LPSC: Loco for la Luna

Here’s a meme you sometimes hear repeated in space science communities: The return of humans to the moon — formerly known as President Bush’s Vision for Space Exploration — has nothing to do with science. We’ve already been there. We already know everything. It’s just a waste of money — money that would be better spent elsewhere.

Now, to be fair, there are some reasons to be cynical about NASA’s human exploration program; the rocket builders who push people into space sometimes view science as something to be tacked on. And many space scientists argue that robots will always bring more science bang for the buck.

But to say that there aren’t space scientists who are excited to get another crack at understanding the moon — either via manned or unmanned missions — is just plain wrong.


There are scientists at this conference trembling to return. Some of them may actually return: There are signs that NASA, this time, will try to recruit some geologists and geochemists to be astronauts.

Lunar science is back in vogue, and this particular conference is living proof. As I overheard one Johnson Space Center scientist saying to a colleague today: “This meeting will be the resurrection of the Moon. I mean, lunar sessions are standing room only. Mars sessions? So so.”

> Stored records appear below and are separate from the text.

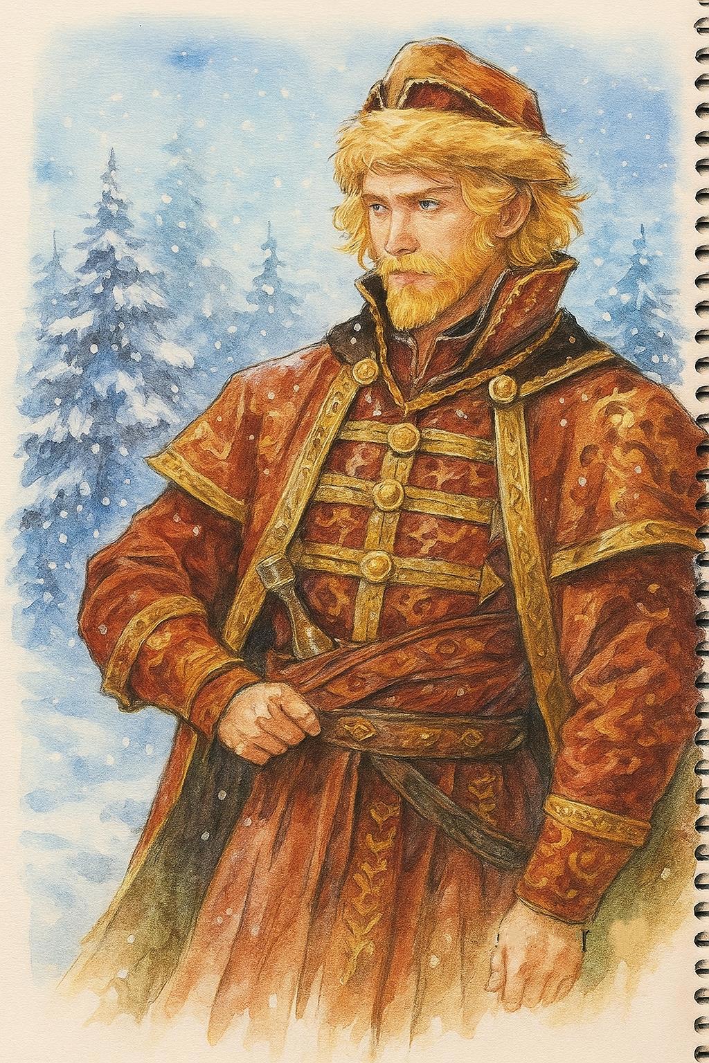 К нему подошёл один из них — высокий, закутанный в чёрный меховой плащ. Длинные чёрные волосы, заплетённые в косу, поблёскивали инеем, словно тонкие нити серебра. Его взгляд то и дело скользил по теням меж деревьев.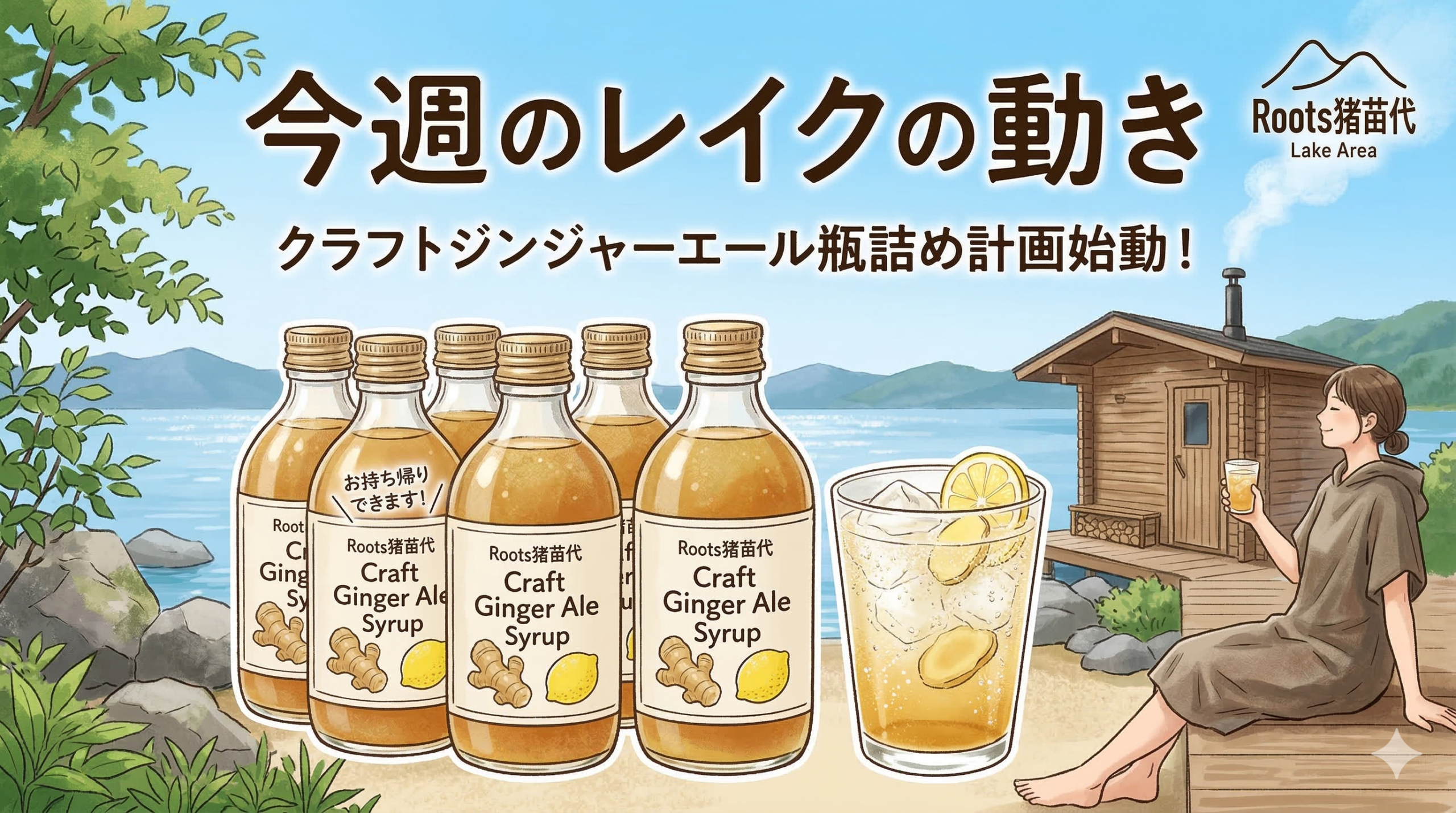 まず1つ目は、クラフトジンジャーエールシロップの瓶詰め計画について。 オープン当初からレイクの看板ドリンクメニューとして親しまれてきたクラフトジンジャーエールを、ついにお持ち帰りできる形にします。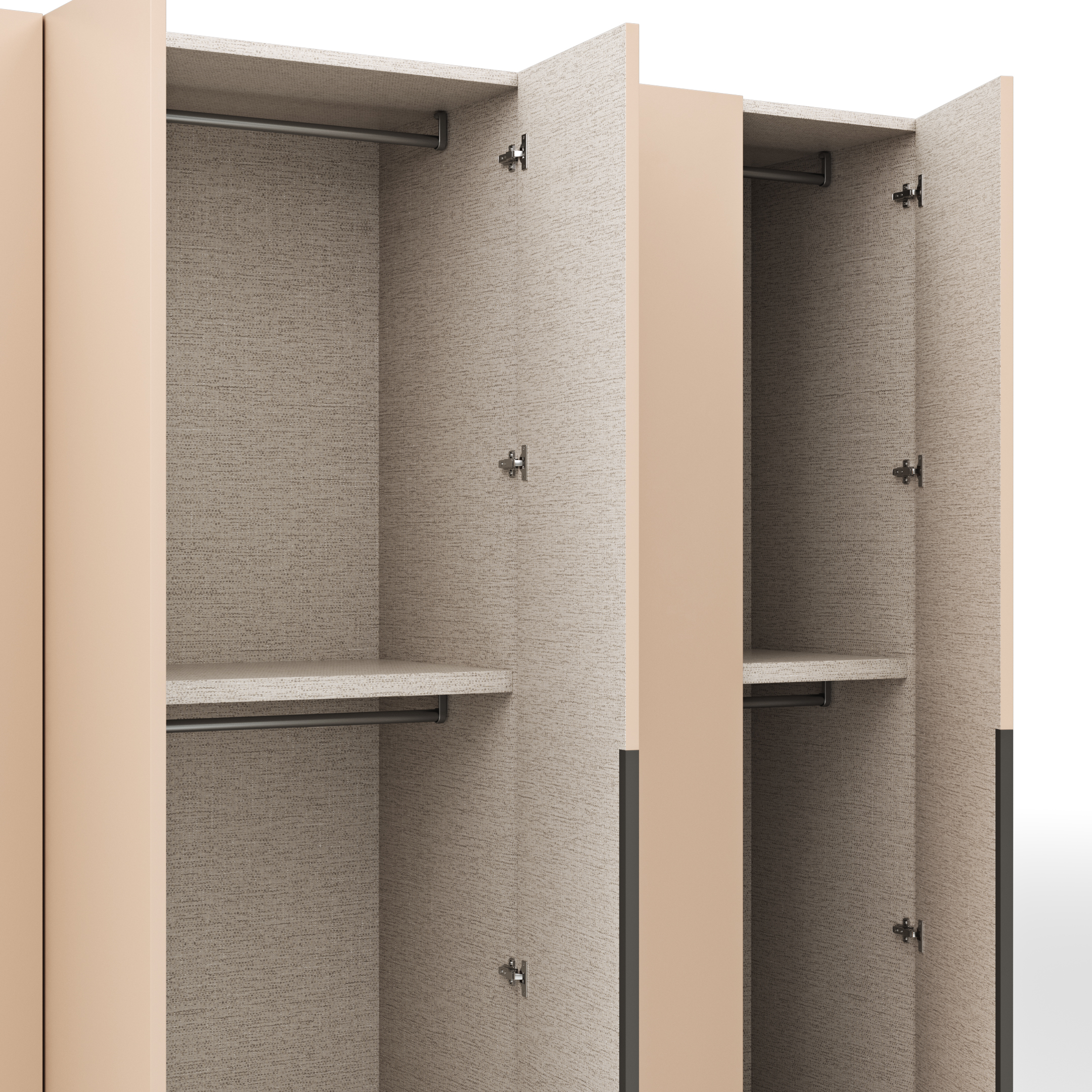 Hochwertige Holzwerkstoffe sind das Grundmaterial für den Schrank Contur Loretto, Das hat den Vorteil von hoher Stabilität bei geringerem Gewicht. Korpus und Fronten in hochwertiger Melaminbeschichtung oder Matt lackiert. Innen in Textiloptik. Alle Scharniere sind aus Ganzmetall und mit einem gebremsten Schließmechnismus ausgestattet.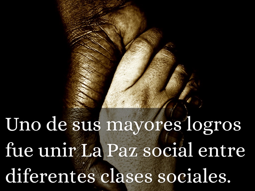 Uno de sus mayores logros fue unir La Paz social entre diferentes clases sociales.

NASA is lining up a string of lunar missions to support the science: LRO (mapping), then GRAIL (gravity), LADEE (dust), a couple robotic landers, then the start of the International Lunar Network, a set of geophysical stations spaced around that gray globe.

But it’s not just the missions. If you really want to know what drives space science, look at the research and analysis money that NASA allocates for specific subjects. R&A, as it’s called, is the bread and butter money that both inspires and sustains working scientists.

And Jim Green, NASA’s director of planetary science, put up some telling figures this afternoon. In 2007, NASA spent $3.8 million on lunar research. They have $18.7 million allocated in 2008. And in 2009, they plan on spending $25 million on lunar science.

That’s a hair more than the former favorite, the Mars program, will get in R&A in 2009 ($24.938 million). Might NASA have a new teacher’s pet?